**THE RECORDS:**
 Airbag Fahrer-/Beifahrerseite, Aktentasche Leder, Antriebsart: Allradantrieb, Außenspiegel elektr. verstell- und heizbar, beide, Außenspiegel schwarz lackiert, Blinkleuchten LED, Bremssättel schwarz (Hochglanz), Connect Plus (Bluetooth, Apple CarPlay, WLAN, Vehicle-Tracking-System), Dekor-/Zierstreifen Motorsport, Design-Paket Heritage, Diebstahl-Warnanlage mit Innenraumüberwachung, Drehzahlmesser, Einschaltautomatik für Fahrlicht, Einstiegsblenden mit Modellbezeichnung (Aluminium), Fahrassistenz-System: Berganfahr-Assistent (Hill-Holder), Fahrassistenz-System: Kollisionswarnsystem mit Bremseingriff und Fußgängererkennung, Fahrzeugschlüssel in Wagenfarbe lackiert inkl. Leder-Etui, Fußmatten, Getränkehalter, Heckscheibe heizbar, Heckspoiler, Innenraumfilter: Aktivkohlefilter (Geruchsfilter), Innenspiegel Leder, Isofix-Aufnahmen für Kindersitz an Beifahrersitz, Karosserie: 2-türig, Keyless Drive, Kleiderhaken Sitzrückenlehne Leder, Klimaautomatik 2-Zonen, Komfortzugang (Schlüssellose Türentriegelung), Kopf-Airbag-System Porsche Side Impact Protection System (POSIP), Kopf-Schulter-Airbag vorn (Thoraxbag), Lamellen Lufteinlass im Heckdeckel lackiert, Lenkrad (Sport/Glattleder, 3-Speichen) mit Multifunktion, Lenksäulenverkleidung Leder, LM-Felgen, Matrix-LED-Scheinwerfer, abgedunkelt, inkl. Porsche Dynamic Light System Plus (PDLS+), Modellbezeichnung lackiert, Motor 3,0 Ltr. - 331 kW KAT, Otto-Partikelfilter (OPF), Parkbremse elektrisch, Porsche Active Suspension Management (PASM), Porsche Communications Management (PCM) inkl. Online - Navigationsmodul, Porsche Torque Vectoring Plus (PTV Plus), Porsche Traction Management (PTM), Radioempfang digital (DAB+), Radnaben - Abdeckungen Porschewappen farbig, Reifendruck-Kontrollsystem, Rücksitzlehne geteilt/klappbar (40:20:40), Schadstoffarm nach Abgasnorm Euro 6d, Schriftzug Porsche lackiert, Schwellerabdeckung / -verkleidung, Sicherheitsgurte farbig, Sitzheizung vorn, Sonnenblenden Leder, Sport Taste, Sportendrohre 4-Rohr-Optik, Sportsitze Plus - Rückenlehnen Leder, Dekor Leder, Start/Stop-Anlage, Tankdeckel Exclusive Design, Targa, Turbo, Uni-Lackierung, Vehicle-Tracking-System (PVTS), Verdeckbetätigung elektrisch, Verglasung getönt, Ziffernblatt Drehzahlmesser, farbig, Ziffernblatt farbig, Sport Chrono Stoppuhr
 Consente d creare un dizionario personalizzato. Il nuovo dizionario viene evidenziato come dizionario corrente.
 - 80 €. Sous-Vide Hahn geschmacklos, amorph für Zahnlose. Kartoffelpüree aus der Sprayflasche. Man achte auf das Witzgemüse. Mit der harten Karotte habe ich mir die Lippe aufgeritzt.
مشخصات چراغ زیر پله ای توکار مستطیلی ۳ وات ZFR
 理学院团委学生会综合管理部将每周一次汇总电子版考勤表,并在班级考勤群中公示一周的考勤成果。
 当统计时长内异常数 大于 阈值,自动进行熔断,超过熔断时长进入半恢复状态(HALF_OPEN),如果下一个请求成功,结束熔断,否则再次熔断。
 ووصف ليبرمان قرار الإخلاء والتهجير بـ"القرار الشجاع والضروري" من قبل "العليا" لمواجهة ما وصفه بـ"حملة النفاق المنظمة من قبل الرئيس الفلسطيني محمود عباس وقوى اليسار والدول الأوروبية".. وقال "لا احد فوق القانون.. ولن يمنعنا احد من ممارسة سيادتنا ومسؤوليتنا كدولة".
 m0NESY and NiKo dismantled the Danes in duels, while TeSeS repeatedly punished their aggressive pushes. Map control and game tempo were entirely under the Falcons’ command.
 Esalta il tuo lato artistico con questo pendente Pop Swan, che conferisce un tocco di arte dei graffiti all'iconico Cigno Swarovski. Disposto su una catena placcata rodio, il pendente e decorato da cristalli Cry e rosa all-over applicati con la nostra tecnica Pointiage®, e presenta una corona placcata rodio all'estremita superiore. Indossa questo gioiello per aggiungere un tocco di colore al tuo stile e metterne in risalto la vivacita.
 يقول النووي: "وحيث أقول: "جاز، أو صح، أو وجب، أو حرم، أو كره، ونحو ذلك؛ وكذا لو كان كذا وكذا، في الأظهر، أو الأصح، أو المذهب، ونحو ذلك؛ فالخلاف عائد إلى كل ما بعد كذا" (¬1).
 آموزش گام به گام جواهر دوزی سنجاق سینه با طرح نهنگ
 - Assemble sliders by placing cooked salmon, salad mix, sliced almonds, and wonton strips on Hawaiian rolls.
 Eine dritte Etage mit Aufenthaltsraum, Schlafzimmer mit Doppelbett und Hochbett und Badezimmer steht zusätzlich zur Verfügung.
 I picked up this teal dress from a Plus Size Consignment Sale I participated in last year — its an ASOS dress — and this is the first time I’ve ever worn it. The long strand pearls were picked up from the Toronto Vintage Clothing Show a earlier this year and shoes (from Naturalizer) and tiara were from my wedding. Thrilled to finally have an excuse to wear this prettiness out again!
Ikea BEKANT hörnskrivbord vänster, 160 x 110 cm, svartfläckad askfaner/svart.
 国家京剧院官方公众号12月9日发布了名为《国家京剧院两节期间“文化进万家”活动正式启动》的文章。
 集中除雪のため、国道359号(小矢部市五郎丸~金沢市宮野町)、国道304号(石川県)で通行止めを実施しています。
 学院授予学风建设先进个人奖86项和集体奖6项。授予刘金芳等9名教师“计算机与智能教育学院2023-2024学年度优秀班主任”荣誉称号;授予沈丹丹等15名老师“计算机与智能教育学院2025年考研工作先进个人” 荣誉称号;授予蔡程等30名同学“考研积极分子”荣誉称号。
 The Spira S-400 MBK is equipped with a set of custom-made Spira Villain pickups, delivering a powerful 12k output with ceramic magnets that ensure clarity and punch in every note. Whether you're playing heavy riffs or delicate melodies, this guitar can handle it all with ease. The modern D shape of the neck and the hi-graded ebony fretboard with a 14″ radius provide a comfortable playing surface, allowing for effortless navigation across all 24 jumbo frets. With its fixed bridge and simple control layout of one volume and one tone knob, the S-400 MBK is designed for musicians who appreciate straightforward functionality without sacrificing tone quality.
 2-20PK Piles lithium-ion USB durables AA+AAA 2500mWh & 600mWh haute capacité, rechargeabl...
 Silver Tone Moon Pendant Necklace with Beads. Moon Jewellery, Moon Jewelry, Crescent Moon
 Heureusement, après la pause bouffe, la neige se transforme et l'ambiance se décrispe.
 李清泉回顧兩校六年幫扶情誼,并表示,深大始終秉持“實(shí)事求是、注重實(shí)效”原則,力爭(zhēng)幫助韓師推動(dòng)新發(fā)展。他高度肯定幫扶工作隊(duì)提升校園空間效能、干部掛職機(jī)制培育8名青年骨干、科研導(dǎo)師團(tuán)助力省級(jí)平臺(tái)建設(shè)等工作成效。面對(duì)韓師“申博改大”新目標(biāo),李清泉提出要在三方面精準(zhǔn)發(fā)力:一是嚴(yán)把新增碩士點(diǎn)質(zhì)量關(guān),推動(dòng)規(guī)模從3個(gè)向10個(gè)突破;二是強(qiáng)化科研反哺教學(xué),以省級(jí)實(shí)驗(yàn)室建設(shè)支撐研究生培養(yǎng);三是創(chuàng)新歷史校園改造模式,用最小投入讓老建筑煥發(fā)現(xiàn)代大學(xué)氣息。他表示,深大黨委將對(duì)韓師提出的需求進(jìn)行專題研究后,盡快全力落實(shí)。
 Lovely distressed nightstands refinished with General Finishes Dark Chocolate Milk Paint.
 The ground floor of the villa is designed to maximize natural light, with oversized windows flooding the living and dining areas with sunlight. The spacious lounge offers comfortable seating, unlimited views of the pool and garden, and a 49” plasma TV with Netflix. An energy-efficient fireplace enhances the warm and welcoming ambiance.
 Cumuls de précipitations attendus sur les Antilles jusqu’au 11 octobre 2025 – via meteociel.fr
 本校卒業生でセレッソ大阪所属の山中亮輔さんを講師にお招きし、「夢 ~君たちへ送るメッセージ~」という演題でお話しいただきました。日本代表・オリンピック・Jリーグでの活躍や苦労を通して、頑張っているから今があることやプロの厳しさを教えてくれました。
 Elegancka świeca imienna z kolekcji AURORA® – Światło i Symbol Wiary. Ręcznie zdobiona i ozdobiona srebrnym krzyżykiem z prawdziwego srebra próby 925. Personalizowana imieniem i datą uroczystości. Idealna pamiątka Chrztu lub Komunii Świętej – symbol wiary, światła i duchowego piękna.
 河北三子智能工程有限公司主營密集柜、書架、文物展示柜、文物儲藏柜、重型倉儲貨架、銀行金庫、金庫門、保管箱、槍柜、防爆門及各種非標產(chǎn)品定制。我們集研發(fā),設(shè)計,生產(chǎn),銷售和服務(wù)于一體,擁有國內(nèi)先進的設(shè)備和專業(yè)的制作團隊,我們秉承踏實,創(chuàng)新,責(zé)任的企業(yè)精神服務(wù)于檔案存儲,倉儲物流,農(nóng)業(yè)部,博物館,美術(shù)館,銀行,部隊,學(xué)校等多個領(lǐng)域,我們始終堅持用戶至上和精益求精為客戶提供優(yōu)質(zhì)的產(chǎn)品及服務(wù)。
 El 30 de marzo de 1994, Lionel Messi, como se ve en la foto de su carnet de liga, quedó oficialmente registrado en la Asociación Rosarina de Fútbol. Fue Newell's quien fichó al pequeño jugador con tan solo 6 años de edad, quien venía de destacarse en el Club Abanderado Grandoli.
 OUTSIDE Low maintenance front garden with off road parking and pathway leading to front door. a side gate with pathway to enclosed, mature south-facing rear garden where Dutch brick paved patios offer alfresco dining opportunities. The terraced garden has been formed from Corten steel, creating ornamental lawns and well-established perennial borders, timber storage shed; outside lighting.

**YOUR INSTRUCTIONS:**
Print, from the entries above, the line with "Ikea BEKANT hörnskrivbord", the line with "学院授予学风建设先进个人奖8" and all lines between them, exactly and with nothing else.

**SOLUTION BELOW:**
Ikea BEKANT hörnskrivbord vänster, 160 x 110 cm, svartfläckad askfaner/svart.
 国家京剧院官方公众号12月9日发布了名为《国家京剧院两节期间“文化进万家”活动正式启动》的文章。
 集中除雪のため、国道359号(小矢部市五郎丸~金沢市宮野町)、国道304号(石川県)で通行止めを実施しています。
 学院授予学风建设先进个人奖86项和集体奖6项。授予刘金芳等9名教师“计算机与智能教育学院2023-2024学年度优秀班主任”荣誉称号;授予沈丹丹等15名老师“计算机与智能教育学院2025年考研工作先进个人” 荣誉称号;授予蔡程等30名同学“考研积极分子”荣誉称号。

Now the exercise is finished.